Конечно, она любила свою работу, жизни без нее
не мыслила, а все-таки с каждым словом все более безумной и фантастичной
казалась мысль о том, что происходящее имеет отношение к лаборатории и
«Галатее». Нет, пожалуй, поторопилась она отмести версию о глыбинских
контактах. Ведь могло быть…
Ба-бах! Все мысли вылетели у нее из головы.
Максим затормозил так резко, что Кира лишь чудом не врезалась в ветровое
стекло.
Она возмущенно глянула на Максима, однако тот
напряженно смотрел вперед. Кира приподнялась на сиденье и сумела разглядеть
через довольно длинный хвост автомобилей, вытянувшийся перед ними, милицейское
оцепление, окружившее «КамАЗ» с брезентовым фургоном и перекрывшее дорогу.
* * *
– Что за фокусы? – озадаченно
пробормотал Максим. – Не наш ли друг Фридунский снова вышел из тумана,
вынул ножик из кармана? Кстати, о ножике. Где пистолет?

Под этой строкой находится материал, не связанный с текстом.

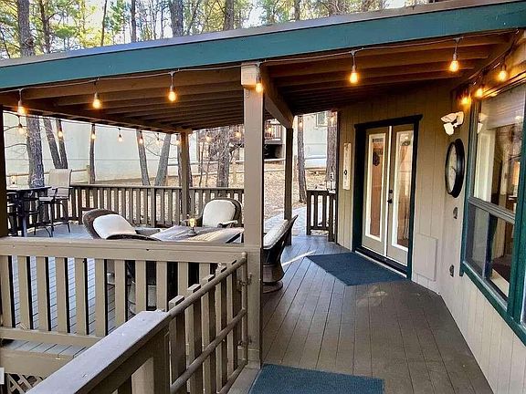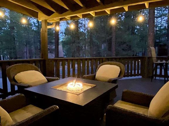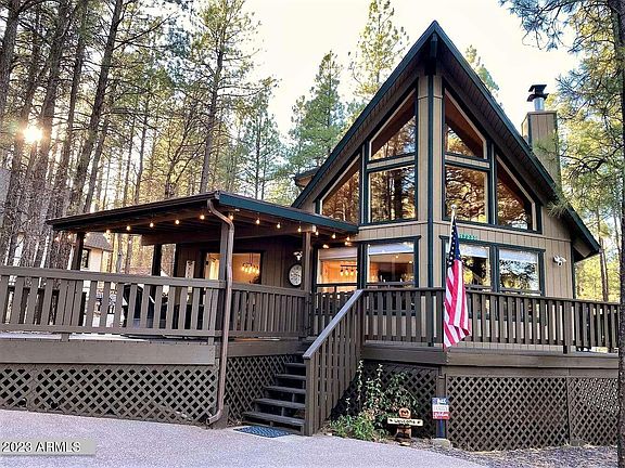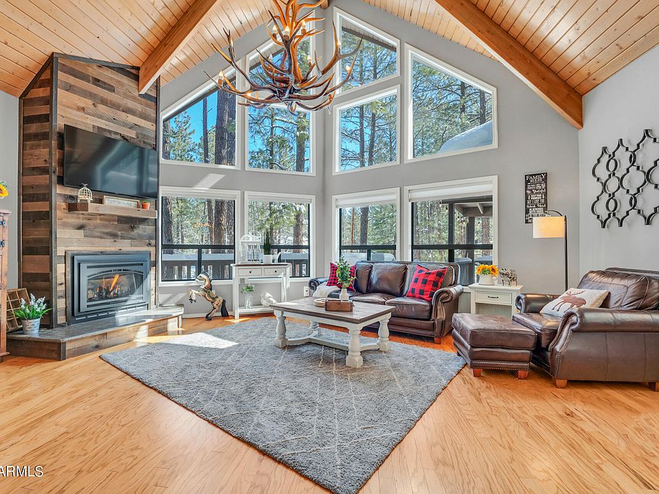 Gorgeous REMODELED MUNDS PARK Mountain Retreat, situated on a huge heavily treed lot w/paved circular driveway and a straight driveway leading to the back 1 car garage. NO HOA! Experience the pine trees & cool mountain air on the wrap around deck, covered patio or the back paver patio & fire-pit entertaining area. The spacious Great Room w/ FLOOR TO CEILING windows, vaulted ceilings w/tongue & groove, original HARDWOOD floors, gas stone fireplace, NEST thermostat & complete with A/C. REMODELED KITCHEN w/custom upgraded cabinetry, breakfast bar, leathered granite countertops & stainless steel appliances. Primary suite on main level w/a beautiful upgraded on-suite bath. A Spacious Bedroom 2 w/tongue & groove vaulted ceilings, private deck, enclosed window blinds, walk in closet & spacious on-suite upgraded bathroom w/leathered granite countertops. This home encompasses the ultimate luxury mountain retreat in the adorable Munds Park community close proximity to the golf course, restaurants, hiking trails & close to Odell Lake. Furniture included only with a strong solid/offer(except kitchen table and personal items per owner discretion).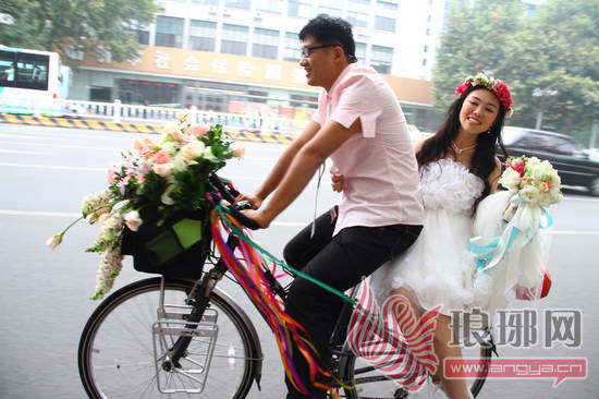 其实,这次单车婚礼并不是这对新人的心血来潮,而是他们心愿已久。“单车见证了我们的爱情,我更要把它永远铭刻到我的生命里。”新娘王茜如是说。

– Какой пистолет? – испугалась Кира,
за время рассказа успевшая накрепко оторваться от деталей своего теперешнего
бытия. – Ах, Мыколин… Ну, я на всякий случай утопила его в том бочажке,
около которого мы ночевали.
Максим уставился на нее, как на чудо природы:
– И с чего?
Хороший вопрос! Кира вильнула глазами в
сторону. С чего, главное. Не скажешь ведь ему: «С того, что мне приснилось,
будто в тебя из этого пистолета стреляли!»

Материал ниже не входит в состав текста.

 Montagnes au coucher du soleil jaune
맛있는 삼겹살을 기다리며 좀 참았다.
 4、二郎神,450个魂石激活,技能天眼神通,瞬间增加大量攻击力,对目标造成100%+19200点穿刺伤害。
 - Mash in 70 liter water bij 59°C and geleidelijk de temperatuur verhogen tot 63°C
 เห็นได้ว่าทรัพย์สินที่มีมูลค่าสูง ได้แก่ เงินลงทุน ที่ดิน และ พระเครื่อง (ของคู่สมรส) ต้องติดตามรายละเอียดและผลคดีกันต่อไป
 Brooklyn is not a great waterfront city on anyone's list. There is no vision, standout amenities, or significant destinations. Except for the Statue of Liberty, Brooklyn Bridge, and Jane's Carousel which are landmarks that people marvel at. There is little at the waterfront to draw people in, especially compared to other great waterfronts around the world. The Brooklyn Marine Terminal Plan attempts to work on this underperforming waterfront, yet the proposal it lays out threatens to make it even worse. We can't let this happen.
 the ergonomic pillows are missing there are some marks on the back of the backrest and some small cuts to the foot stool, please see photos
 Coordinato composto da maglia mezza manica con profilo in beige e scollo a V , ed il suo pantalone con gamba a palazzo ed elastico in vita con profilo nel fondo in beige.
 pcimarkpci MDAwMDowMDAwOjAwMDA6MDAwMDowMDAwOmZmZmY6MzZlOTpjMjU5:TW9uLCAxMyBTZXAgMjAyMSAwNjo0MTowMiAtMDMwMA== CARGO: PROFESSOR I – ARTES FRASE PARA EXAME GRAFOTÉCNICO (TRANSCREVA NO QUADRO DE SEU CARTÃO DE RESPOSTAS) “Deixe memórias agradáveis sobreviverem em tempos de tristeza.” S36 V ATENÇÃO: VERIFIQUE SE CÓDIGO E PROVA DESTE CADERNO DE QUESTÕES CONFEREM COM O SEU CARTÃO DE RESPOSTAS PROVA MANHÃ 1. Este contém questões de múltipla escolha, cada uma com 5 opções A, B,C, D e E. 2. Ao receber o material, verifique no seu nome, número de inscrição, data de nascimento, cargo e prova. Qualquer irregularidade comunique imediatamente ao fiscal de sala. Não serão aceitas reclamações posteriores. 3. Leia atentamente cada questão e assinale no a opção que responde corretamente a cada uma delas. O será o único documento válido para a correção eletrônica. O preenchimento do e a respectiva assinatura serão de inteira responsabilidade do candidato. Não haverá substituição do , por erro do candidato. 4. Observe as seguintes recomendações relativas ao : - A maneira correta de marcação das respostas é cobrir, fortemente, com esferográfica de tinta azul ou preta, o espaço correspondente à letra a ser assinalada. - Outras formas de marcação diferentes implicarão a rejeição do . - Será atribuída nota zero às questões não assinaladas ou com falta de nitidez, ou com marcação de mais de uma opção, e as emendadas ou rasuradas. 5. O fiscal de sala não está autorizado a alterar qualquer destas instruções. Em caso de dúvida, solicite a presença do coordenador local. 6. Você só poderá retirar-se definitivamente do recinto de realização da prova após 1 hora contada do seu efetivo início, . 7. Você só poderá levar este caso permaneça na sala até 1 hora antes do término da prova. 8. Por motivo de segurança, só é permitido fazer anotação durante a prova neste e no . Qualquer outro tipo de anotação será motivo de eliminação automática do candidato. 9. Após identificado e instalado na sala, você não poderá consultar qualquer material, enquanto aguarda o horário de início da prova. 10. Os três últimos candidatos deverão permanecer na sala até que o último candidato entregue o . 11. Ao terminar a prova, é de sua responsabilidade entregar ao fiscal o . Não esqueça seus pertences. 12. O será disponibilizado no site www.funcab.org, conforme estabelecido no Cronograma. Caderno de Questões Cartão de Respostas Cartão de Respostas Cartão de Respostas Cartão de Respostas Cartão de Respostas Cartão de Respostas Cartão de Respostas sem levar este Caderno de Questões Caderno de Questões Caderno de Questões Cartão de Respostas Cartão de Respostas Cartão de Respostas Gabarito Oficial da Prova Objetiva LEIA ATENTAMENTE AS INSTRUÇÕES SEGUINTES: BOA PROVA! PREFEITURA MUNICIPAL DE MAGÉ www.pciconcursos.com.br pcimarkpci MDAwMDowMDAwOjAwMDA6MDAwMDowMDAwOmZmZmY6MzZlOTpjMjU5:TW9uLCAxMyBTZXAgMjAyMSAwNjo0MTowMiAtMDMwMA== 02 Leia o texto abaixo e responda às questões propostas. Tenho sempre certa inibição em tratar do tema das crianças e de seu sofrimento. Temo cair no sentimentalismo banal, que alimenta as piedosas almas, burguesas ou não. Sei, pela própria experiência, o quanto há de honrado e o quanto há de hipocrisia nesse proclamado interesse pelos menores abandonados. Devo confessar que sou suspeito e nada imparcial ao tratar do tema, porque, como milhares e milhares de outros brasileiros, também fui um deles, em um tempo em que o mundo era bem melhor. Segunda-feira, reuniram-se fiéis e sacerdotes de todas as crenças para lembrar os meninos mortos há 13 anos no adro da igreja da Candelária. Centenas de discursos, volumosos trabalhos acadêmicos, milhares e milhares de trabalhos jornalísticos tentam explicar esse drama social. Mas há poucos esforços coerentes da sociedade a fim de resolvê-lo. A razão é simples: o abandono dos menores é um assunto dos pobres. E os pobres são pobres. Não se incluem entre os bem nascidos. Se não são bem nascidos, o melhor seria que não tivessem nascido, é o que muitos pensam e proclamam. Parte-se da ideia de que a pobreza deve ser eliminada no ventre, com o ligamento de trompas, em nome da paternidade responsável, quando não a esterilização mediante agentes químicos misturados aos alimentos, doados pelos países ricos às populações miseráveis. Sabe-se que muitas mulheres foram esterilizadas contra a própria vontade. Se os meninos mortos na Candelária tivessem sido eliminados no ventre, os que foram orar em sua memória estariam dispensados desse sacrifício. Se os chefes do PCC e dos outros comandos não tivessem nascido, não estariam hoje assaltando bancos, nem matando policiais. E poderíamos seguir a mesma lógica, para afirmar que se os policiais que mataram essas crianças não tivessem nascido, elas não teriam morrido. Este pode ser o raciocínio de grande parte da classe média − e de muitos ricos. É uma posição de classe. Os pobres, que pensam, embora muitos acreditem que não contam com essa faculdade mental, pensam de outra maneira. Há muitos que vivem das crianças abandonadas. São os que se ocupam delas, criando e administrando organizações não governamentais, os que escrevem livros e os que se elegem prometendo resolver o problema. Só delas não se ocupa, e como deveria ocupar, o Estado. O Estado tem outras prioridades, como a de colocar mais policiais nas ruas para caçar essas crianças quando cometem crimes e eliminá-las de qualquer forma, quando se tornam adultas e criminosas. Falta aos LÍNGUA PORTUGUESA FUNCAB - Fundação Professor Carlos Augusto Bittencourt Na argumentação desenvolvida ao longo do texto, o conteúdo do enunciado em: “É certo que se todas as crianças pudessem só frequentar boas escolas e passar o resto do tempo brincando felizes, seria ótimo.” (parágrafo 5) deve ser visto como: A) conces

– Да, впрочем, какая разница, –
сказал вдруг Максим. – Слава богу, что утопила. Когда эти тамбовские ухари
начали потрошить твой рюкзачок, я, признаться… – Он махнул рукой и вдруг,
чуть ли не до половины высунувшись в окошко, вцепился в какого-то мужчину,
который с унылым выражением лица возвращался к своей машине от места затора: –
Эй, мужик! Что там за беда?
– Мужики в поле пашут и на «Москвичах»
ездят, – вяло огрызнулся тот. – Крантилла полная, друг, вот там что
такое. Как бы зимовать нам тут не пришлось.
– Он шел на Одессу, а вышел к Херсону,
да? – ухмыльнулся Максим. – В смысле в дерево врулил?
– Eсли бы! – простонал
не-мужик. – У какого-то дальнобойщика крыша поехала. Остановил, понимаешь,
его гэбэд… гидэбэ…
– Да ты по-русски говори: гаишник, –
спокойно посоветовал Максим. – Чай, на этом ГИБДД язык сломишь.
– Во-во! – кивнул возбужденный
собеседник. – Что хотят, то и делают! Словом, несся он с превышением со
стороны Нижегородской области. Тормознул его мент, а у дальнобойца нашего ни
документов, ни доверенности на управление. Ну, слово за слово, как водится, и
довел мент парня. Тот выскочил из машины, встал на середину дороги, облился
бензином и, размахивая зажигалкой, стал грозить инспекторам, что подожжет себя!
– Иди ты! – недоверчиво ахнул
Максим.
– Сам иди! – опять обиделся
не-мужик. – От него, от этого психа, оказывается, жена недавно ушла,
потому что зарплата маленькая, а хозяин груза, такой гад, не побеспокоился
выдать ему документы на машину.
– А сам он вчера родился, что о них не
побеспокоился?
– Может, в шоке был из-за жены, хрен его
знает, – сердито дернул плечом не-мужик. – Одно знаю точно: нам тут
куковать до скончания веков, потому что к этому типу сунуться боятся: он
вот-вот в олимпийский факел сам себя превратит.
– А объездная дорога есть? –
вмешалась Кира, волнуясь.
– Есть, как не быть, – кивнул
собеседник. – За двадцать кэмэ на развязке. И еще шестьдесят по ней
пилить, пока снова на трассу выйдешь. Объездная, между прочим, грунтовая… Вот
же гад, – всхлипнул он, с чувством грозя кулаком в сторону затора, –
а мне смерть как надо утром в Нижнем быть.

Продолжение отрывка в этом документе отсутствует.